Ты, читающий эти строки, едва ли чувствуешь что-нибудь, но я испытываю какое-то сладкое чувство, вспоминая эту одинокую тропинку в лесу. Мне кажется, будто я встретил дитя.
Я подкладываю себе руки под голову и, лежа на спине, начинаю блуждать взором по небесной лазури. Высоко, высоко над вершинами Торетинда тихо двигается хоровод туманных дев: они то теснятся ближе друг к другу, то расступаются и медлят, как бы желая вылиться в какую-нибудь определенную форму. Но вот я уже встал и пошел дальше, а они все еще водят свой хоровод, как бы готовя что-то.
По дороге мне попадается вереница муравьев, это бесконечное шествие муравьев, шествие хлопотливых тружеников. Они ничего не делают, ничего не тащат на себе, они только идут, идут бесконечной вереницей. Я делаю несколько шагов назад, чтобы увидать первых муравьев, увидать вожака, но это бесполезно; я делаю еще несколько шагов, и еще, я начинаю бежать, но вереница одинаково бесконечна, как впереди меня, так и позади. Быть может, муравьи начали это шествие уже целую неделю тому назад. И я отправляюсь своей дорогой, а муравьи ползут своей,- и мы расстаемся.
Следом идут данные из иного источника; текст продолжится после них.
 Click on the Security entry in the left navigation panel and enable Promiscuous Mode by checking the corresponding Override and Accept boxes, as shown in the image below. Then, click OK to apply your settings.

Но куда я попал? Это место не простой склон горы, это грудь, это лоно - так он мягок. Я осторожно поднимаюсь по нему, стараясь не топтать его, легче ступая ногами и задумываясь: такой большой склон, а сколько в нем нежности и беспомощности! В нем столько же самоотверженной доброты, как в матери, и он позволяет муравьям ползти по себе. Там и сям лежат большие камни, поросшие мхом, но они не производят впечатления, будто упали сюда случайно - нет, здесь их дом, они давно живут здесь. Это великолепно!
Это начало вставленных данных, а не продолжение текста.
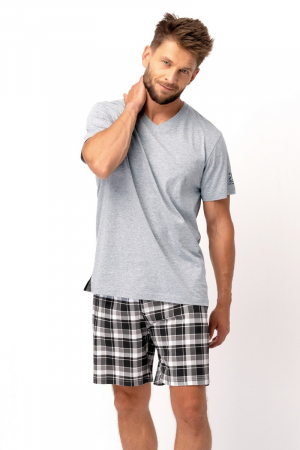 Мужская пижама с футболкой и шортами. Комфортная и приятная на ощупь пижама из 100% хлопка. Футболка с коротким рукавом и V-образным вырезом горловины, по бокам разрезы. Комфортные шорты свободного кроя с эластичным поясом. Глубокие карманы по бокам.

Я поднимаюсь на вершину и осматриваюсь по сторонам. Далеко на другом горном склоне пасется корова торпаря, это маленькая, славная коровушка, бурая, с белыми пятнами на боках. Она бродит по склону и щиплет траву. На высоком выступе скалы сидит ворон, он каркнул мне что-то, и карканье его прозвучало так, будто железным ковшом провели по камню.
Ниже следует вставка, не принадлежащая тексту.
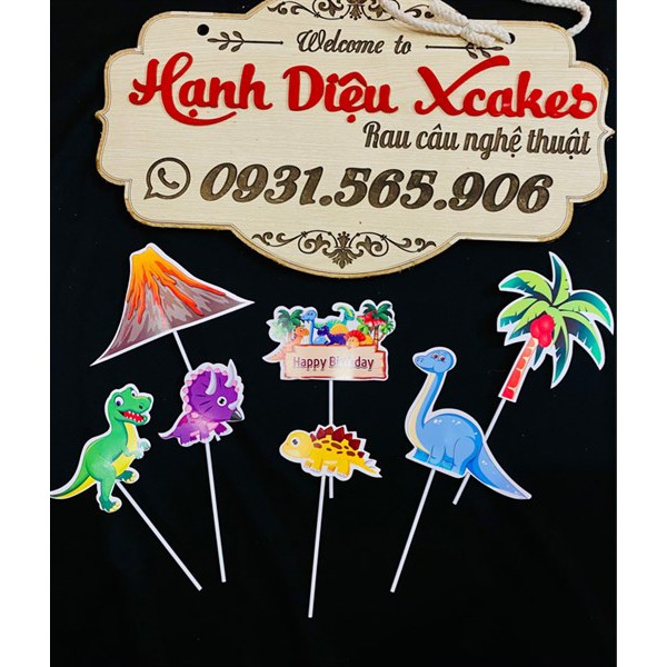 Sét Cắm Khủng Long Cây Dừa Phụ Kiện Trang Trí Bánh

В моей душе тихо шевелится безотчетное чувство, которое я не раз раньше испытывал, бродя по лесам и полям: мне кажется, будто кто-то только что покинул то место, на котором я стою, что здесь только что кто-то стоял и только тихо отошел в сторону. Мне кажется, что в эту минуту я стою с кем-то с глазу на глаз, а немного спустя я вижу даже чью-то спину, которая исчезает в лесу. Это Бог, думаю я. И я замираю на месте, я не говорю, не пою, я только смотрю. И я чувствую, как на моем лице отражается то, что я вижу. Это был Бог, думаю я.
Видение, скажешь ты. Нет, миленький, проникновенный взгляд в тайну бытия. Я обоготворяю природу? А что делаешь ты? Разве у магометан нет своего Бога, у евреев своего, у индийцев своего? Никто не знает Бога, дружок, человек только знает богов. И вот время от времени мне кажется, будто я вижу своего бога.
Направляясь домой, я иду другой дорогой и делаю большой крюк. Солнышко греет теплее, почва здесь не такая ровная, я прихожу в какой-то хаос из нагроможденных камней,- это развалины, образовавшиеся после обвала. Здесь, ради забавы, я делаю вид, будто устал, и бросаюсь на землю; веду себя так, словно кто-то смотрит на меня и видит, какой я глупый. И делаю я это только так, шутя, а также потому, что мой мозг долго бездействовал - вот я и забавляюсь. Небо со всех сторон чистое, хоровод туманных дев над горными вершинами исчез. Бог знает, где они, но они потихоньку расплылись. Вместо них высоко в воздухе над долиной, описывая широкие круги, медленно парит орел. С величавой медлительностью описывает он один круг за другим, как бы следуя по намеченному пути в воздухе; он медленно прорезает воздух, словно петух со взъерошенными на шее перьями, словно крылатый конь, которому захотелось порезвиться. О, смотреть на него - это все равно, что слушать прекрасную песню. Но вот он исчез за вершинами…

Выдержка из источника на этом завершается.